- Born: 1 August 1912 Louny, Bohemia, Austria-Hungary
- Died: 8 March 1943 (aged 30) Sokolovo, Reichskommissariat Ukraine
- Service years: 1937–39 and 1942–43
- Rank: Lieutenant (1937–39; Czechoslovak Army); First Lieutenant (1942–43; First Czechoslovak independent field battalion); Captain (posthumous)
- Commands: Commander of signal platoon in Prešov (1937–39), Commander of the First Company, First Czechoslovak independent field battalion (1942–43)
- Conflicts: Second World War Eastern Front Third Battle of Kharkov Battle of Sokolovo †; ; ; ;
- Awards: Hero of the Soviet Union

= Otakar Jaroš =

Czech soldier

Otakar Jaroš (/cs/; 1 August 1912 – 8 March 1943) was a Czech officer in the Czechoslovak forces in the Soviet Union. He was killed in the Battle of Sokolovo and became the first member of a foreign army decorated with the highest Soviet decoration, Hero of the Soviet Union.

==Early life==
Otakar Jaroš was born in Louny, Bohemia (Austria-Hungary, today the Czech Republic) into the family of a Czech railway engineer. When he was nine months old, his father was transferred to Mělník and the family followed him. Jaroš spent his childhood in Mělník and joined the Sokol and Scout organisations. These two organisations formed his physical skills and later fighting spirit.

==Military career==
Following Czech independence in 1918, Jaroš studied in grammar school, but he left and attended high school in electrotechnics. After graduation, he was drafted and served his basic military service in the 3rd Signals Brigade in Trnava. He attended the non-commissioned officers school for a year and finished as a corporal. Jaroš went on to attend the school for reserve officers in Turnov. Following the advice of his uncle, Colonel František Konopásek, Jaroš entered the military academy in Hranice. On 29 August 1937 he was appointed to the rank of sub-lieutenant. He served as the commander of a signals platoon in Prešov for a year.

==Life in the Protectorate==
After the 1938 Munich Agreement, Czechoslovakia was disunited. Jaroš returned to Mělník where the municipal office asked him to be the chief of police, which he refused. Instead, he worked for the post office in Náchod.

Germans are here, I would have to work against them and that would not end well.
— 20px, 20px, Otakar Jaroš when refusing job of police chief.

==World War II==
Jaroš did not accept the German occupation of Czechoslovakia, and in the summer of 1939 he escaped to Poland where he joined the Czechoslovak Legion in Kraków under the command of Lieutenant Colonel Ludvík Svoboda.
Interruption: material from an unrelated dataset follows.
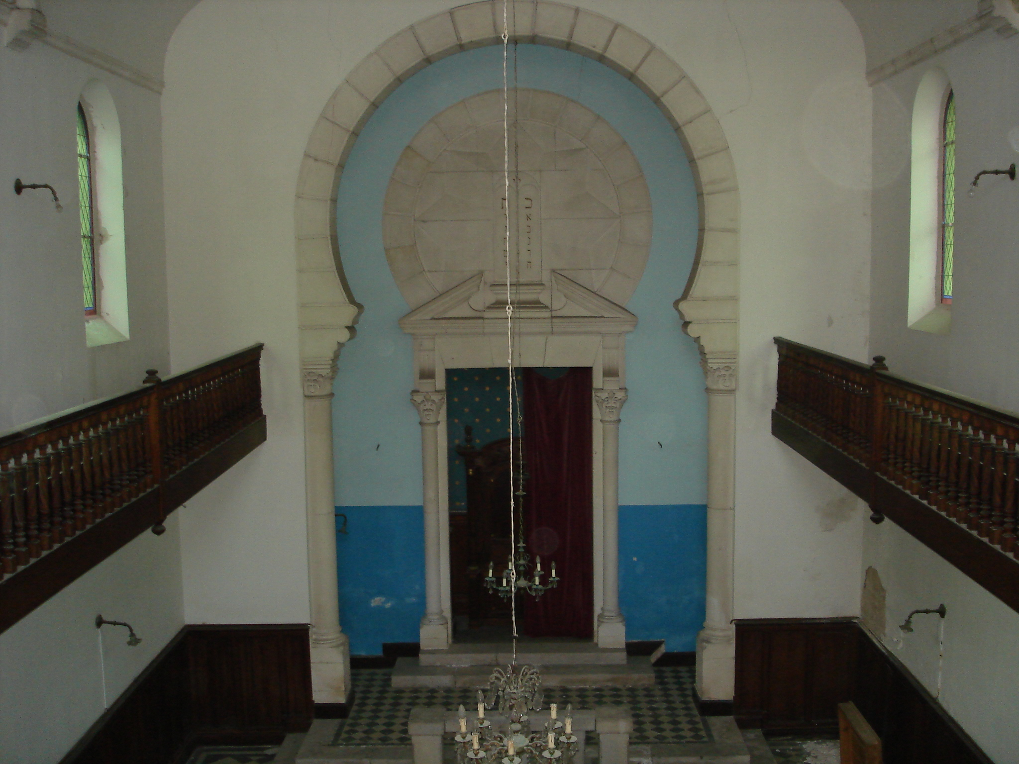 Synagogue of Biarritz (France); Built in 1904, closed in 1999. Will reopen in Summer 2011. The interior.

When Poland was defeated by the Nazis and its eastern parts were occupied by the Soviet Union, the legion fell into Soviet captivity on 17 September.

In the Soviet internment, Jaroš led the signals platoon and also the officer's school. In January 1940 he began serving as the radio operator of the Czechoslovak military mission in Moscow.
After the German assault on the Soviet Union, the situation changed radically. With the rank of lieutenant since October 1941, Jaroš, together with other Czech officers, became a constituent member of the First Czechoslovak Independent Field Battalion in Buzuluk in 1942. He was made First Lieutenant and was in command of 1st Company (7 February 1942).

==Death==
During a German counteroffensive in February 1943, the Czechoslovak battalion was ordered to defend the frozen river in the vicinity of Kharkov. Jaroš's strengthened 1st Company took position in front of the river in the village of Sokolovo; the rest of the battalion and supporting Soviet units stayed behind the river. On the afternoon of 8 March, German armored troops with at least 14 tanks launched two attacks on Sokolovo. In the ensuing battle, 1st Company was almost annihilated, and Jaroš was killed. Fighters of his company destroyed about 19 tanks and 6 APCs. They were ordered to remain until reinforcements could arrive, but the supporting tanks could not cross the thawing river (the battalion's commander had neglected to take into account the terrain). It wasn't until late that night that the remnants of 1st Company were ordered to retreat. Any further defense of Sokolovo had lost any value, as the unfrozen river no longer provided an avenue for the Germans to advance.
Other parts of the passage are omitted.